===== EXERCISE DATA

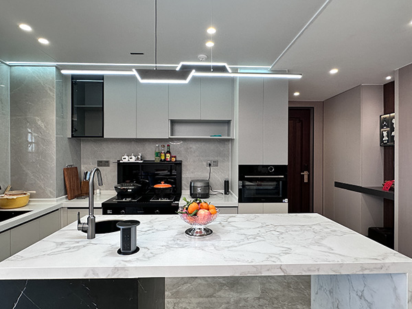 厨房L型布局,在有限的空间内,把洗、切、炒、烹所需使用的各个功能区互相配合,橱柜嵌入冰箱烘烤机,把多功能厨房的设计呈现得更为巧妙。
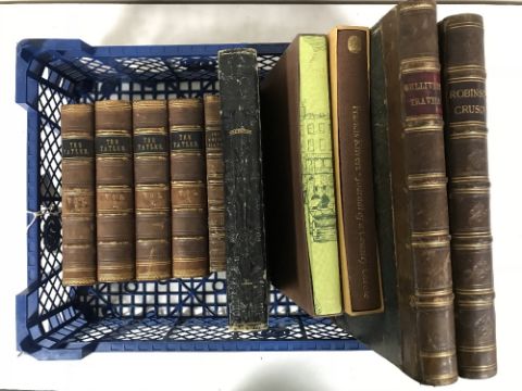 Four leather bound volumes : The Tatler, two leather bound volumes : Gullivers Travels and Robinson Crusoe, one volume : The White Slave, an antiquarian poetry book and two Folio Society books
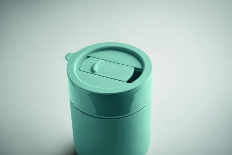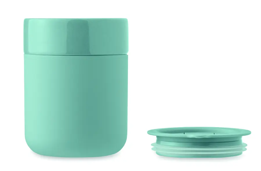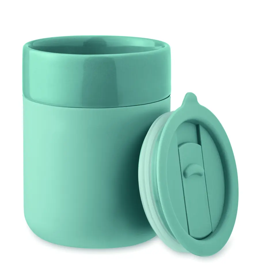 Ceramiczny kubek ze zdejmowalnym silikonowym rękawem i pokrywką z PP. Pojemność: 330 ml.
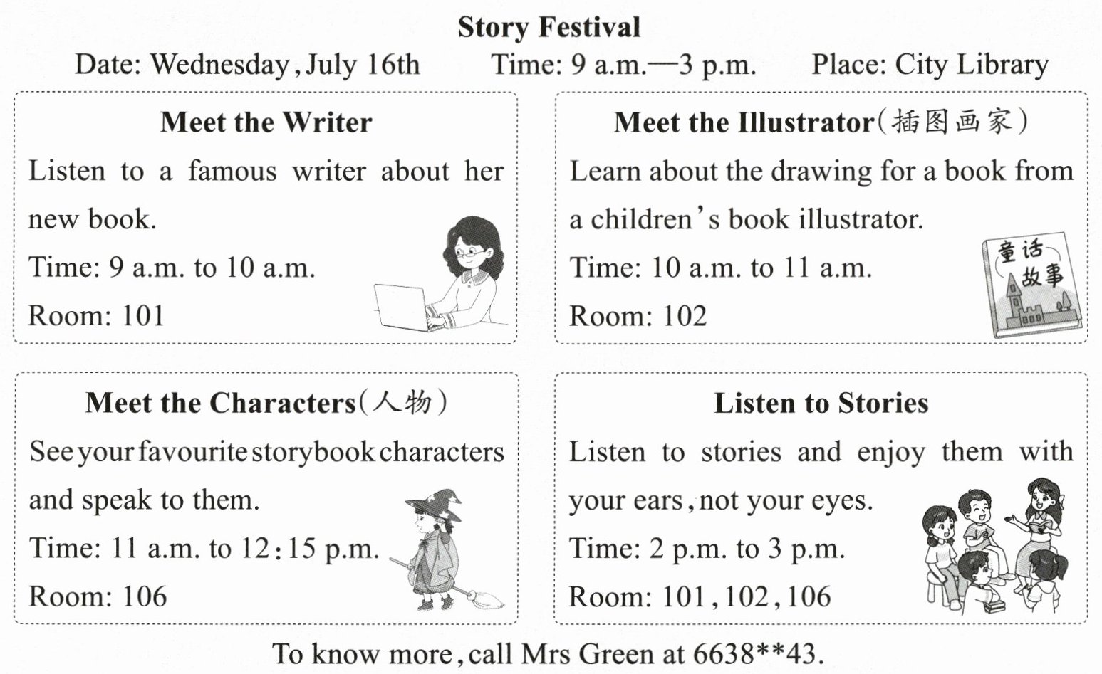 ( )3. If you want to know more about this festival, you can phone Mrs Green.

==========

◆ **ACTION ITEM**
Print only the lines from the one with "Ceramiczny kubek ze" through the last line of the data above, exactly and with both ends, and please omit any pictures.

◆ **EXERCISE OUTPUT**
 Ceramiczny kubek ze zdejmowalnym silikonowym rękawem i pokrywką z PP. Pojemność: 330 ml.
 ( )3. If you want to know more about this festival, you can phone Mrs Green.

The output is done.